The making of the Boilermakers
The traditional story is that the origin of the nickname "Boilermakers"
had to do
with an 1889 football game against Wabash College, an ouchy newspaper reporter
and - maybe - the Monon Shops.
The facts:
Wrong year, right school;
It was a reporter - or rather a headline writer - who coined the term; and
No way were players recruited from the Monon Shops.
Unraveling the legend of the Boilermakers seemed necessary because it is
told so many times in so many ways and - let's face it - it's part of Purdue
lore, and we should get it right.
In short, this is the form the legend most often takes: Purdue traveled
to Crawfordsville in 1889 to play the Wabash College team, prevailed 18
to 4, and the local newspapers proceeded to hurl epithets after the victors,
including the term "boilermakers." The myth is further embellished
by adding that the hulking brutes playing for Purdue were recruited from
the Monon Shops in Lafayette.
The last part of the legend is the easiest, so we'll start there.
Purdue football teams were first called the Boilermakers in 1891. It wasn't
until four years later that the Monon Railroad Shops were relocated from
New Albany to Lafayette.
According to "The Monon Route," a history of the Louisville, New
Albany and Chicago line, the citizens of Lafayette in 1892 approved a tax
levy to help build the shops. They were completed in 1895. So the notion
that sooty employees of the "Shops," as the repair depot was known,
had a hand in the boilermaker mythmaking is impossible.
Next we'll take a look at the newspaper article commonly thought to have
given the world the term
"boilermaker" as a scornful nickname for the Old Gold and Black.

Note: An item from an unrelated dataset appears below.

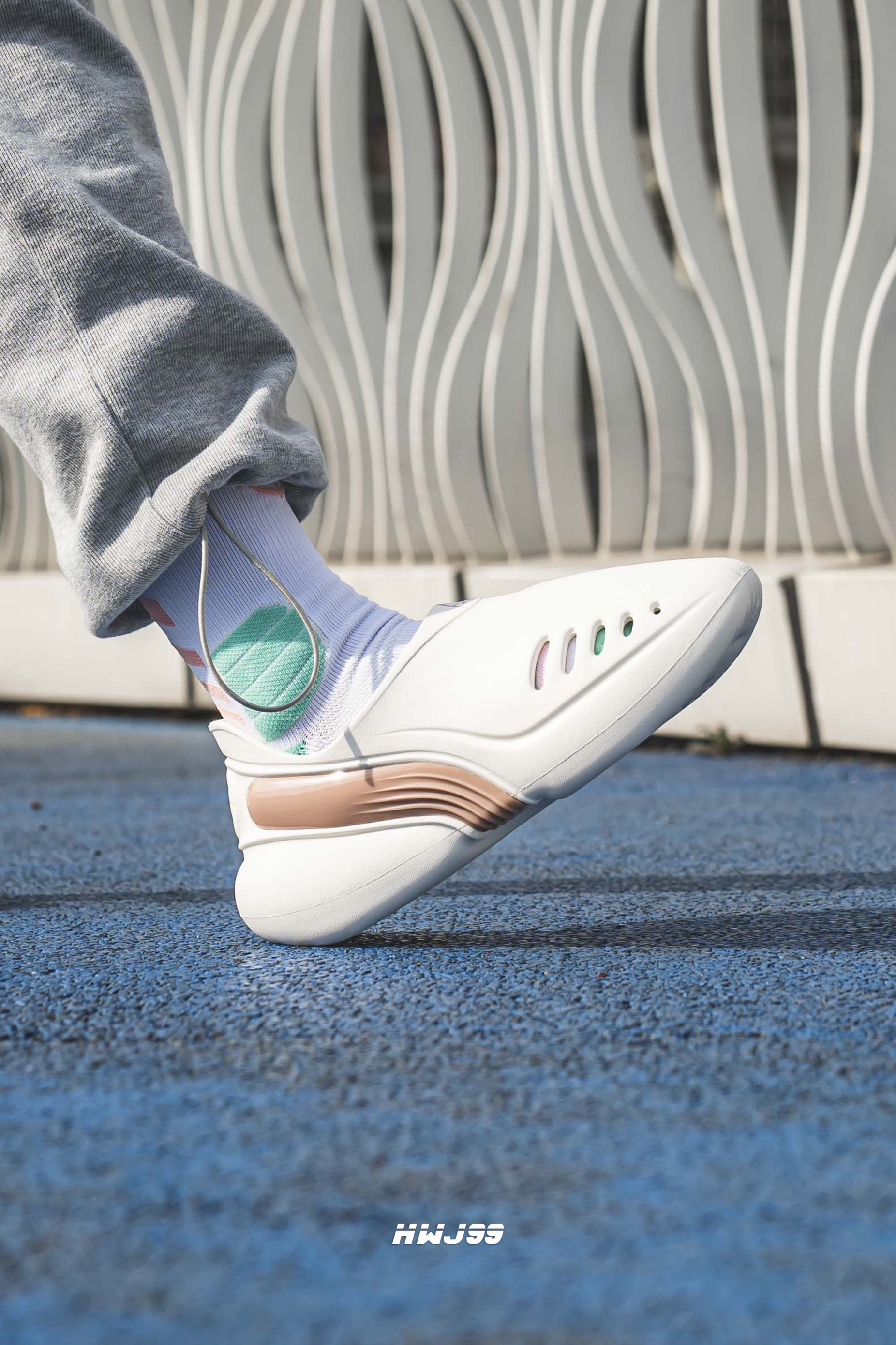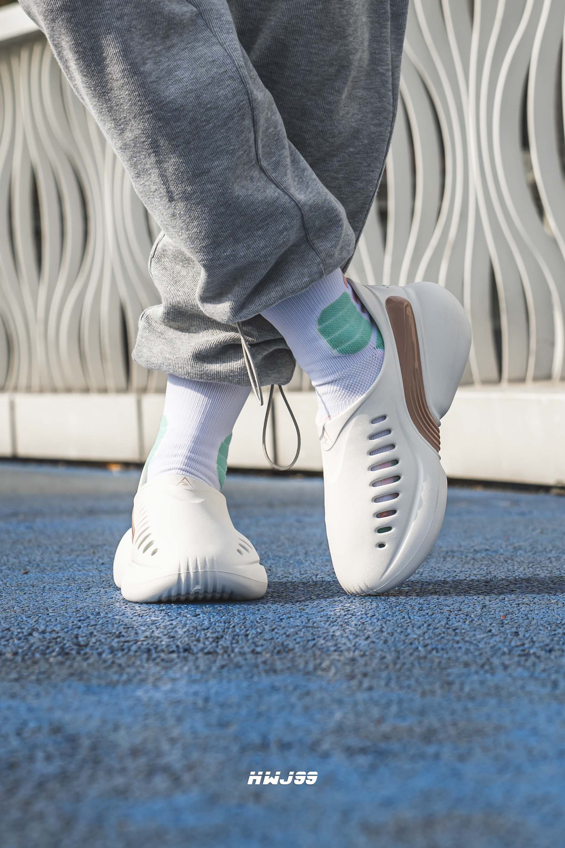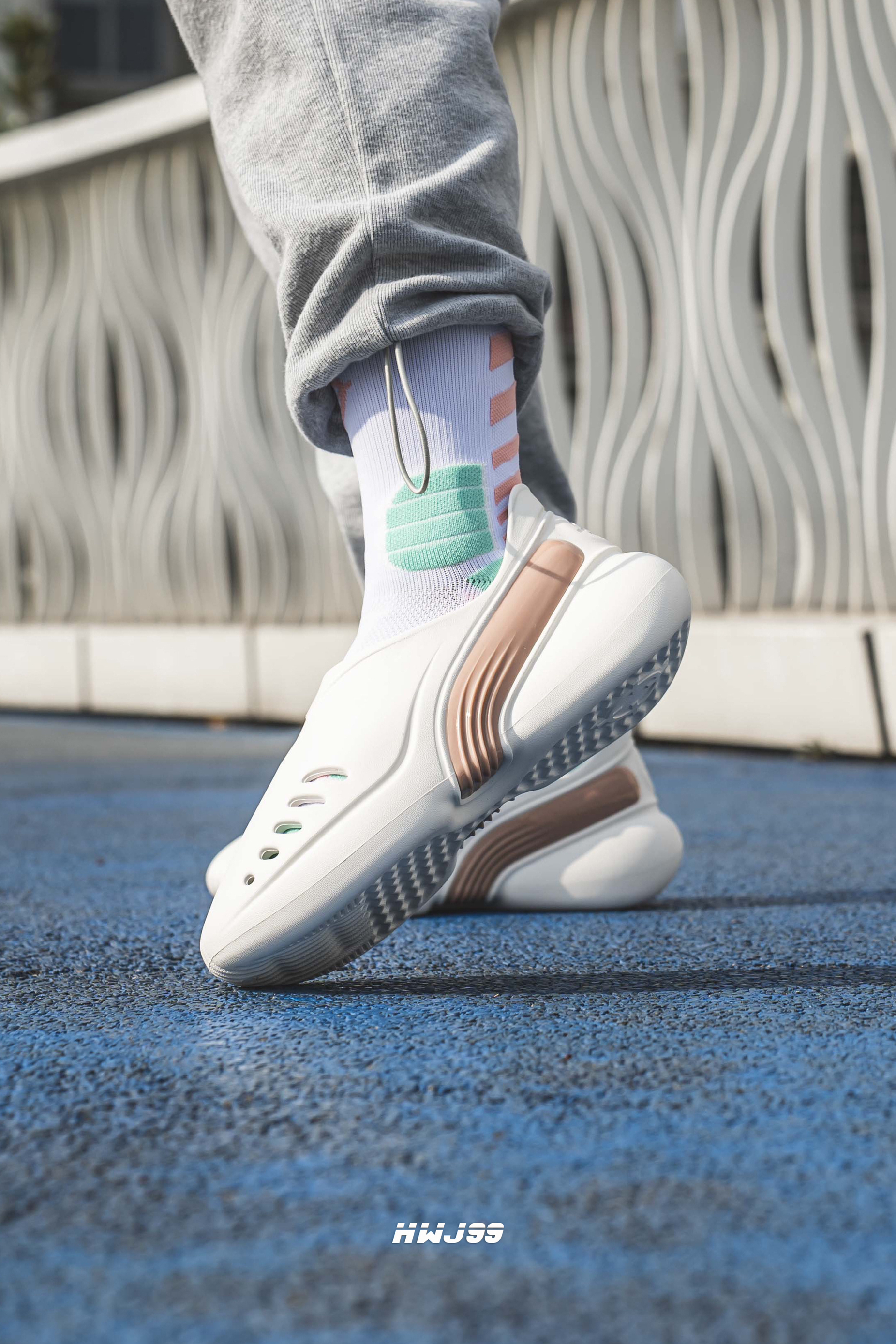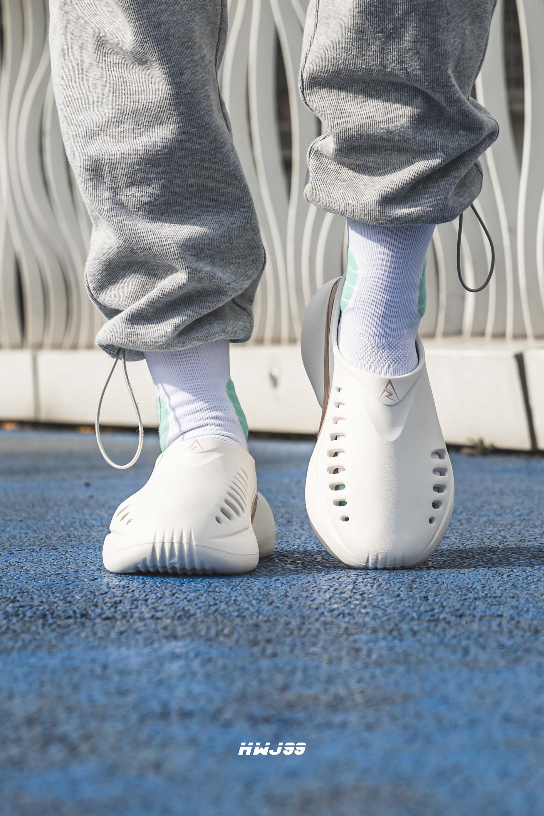 兄弟们前几天分享了一款黑色的里夫斯洞洞鞋,这不白色的也来了,确实很上镜哈~ 首先这款白色可以说更好的可以看清鞋子的外形设计,这款洞洞鞋我觉得有两点是我很喜欢的,第一就是这头两侧霸气的透气孔,很帅!第二就是从足弓延伸到后跟的抗扭TPU,很有辨识度。不知道兄弟们你们觉得这款哪点更吸引你们,欢迎留言讨论哈~

Crawfordsville was served by several daily and weekly papers in 1889, and
all were filled with rants of varying shrillness about the Nov. 23 game.
One article - in the weekly Review - in particular is filled with names
that would make most schoolyard bullies blush.
But despite the fit of pique suffered by the reporter, he doesn't call the
Purdue team "boilermakers." For proof, we consult no less an expert
than Robert Lackey, Class of 1891 and a player on the first football teams
Purdue put on the field.
Writing in the November 1922 Alumnus, Lackey attempts to trace the origin
of "Boilermakers."
For his story, he went to the trouble of typing in the entire Review account
of the Nov. 23, 1889, Wabash-Purdue game.
Although nowhere in the story are the Purdue players called "boilermakers,"
he concludes: "While the word 'Boilermakers' does not appear in this
remarkable document, it started everybody using the terms 'corn huskers,'
'railsplitters,' 'haymakers,' 'log haulers,' 'blacksmiths,' etc., until
these simmered down to the nickname 'Boilermakers,' possibly as a logical
composite of all those expressive terms. In any event, we are proud of the
name and extend our thanks to the writers of the above for the inspiration."
It would be two more years before the Purdue team in truth would be labeled
"boilermakers," again by a protective local press in response
to a defeat of Wabash. The 1891 score was a 44 to 0 drubbing, and the Crawfordsville
reporters and editors tried to make up for the poor showing by the locals.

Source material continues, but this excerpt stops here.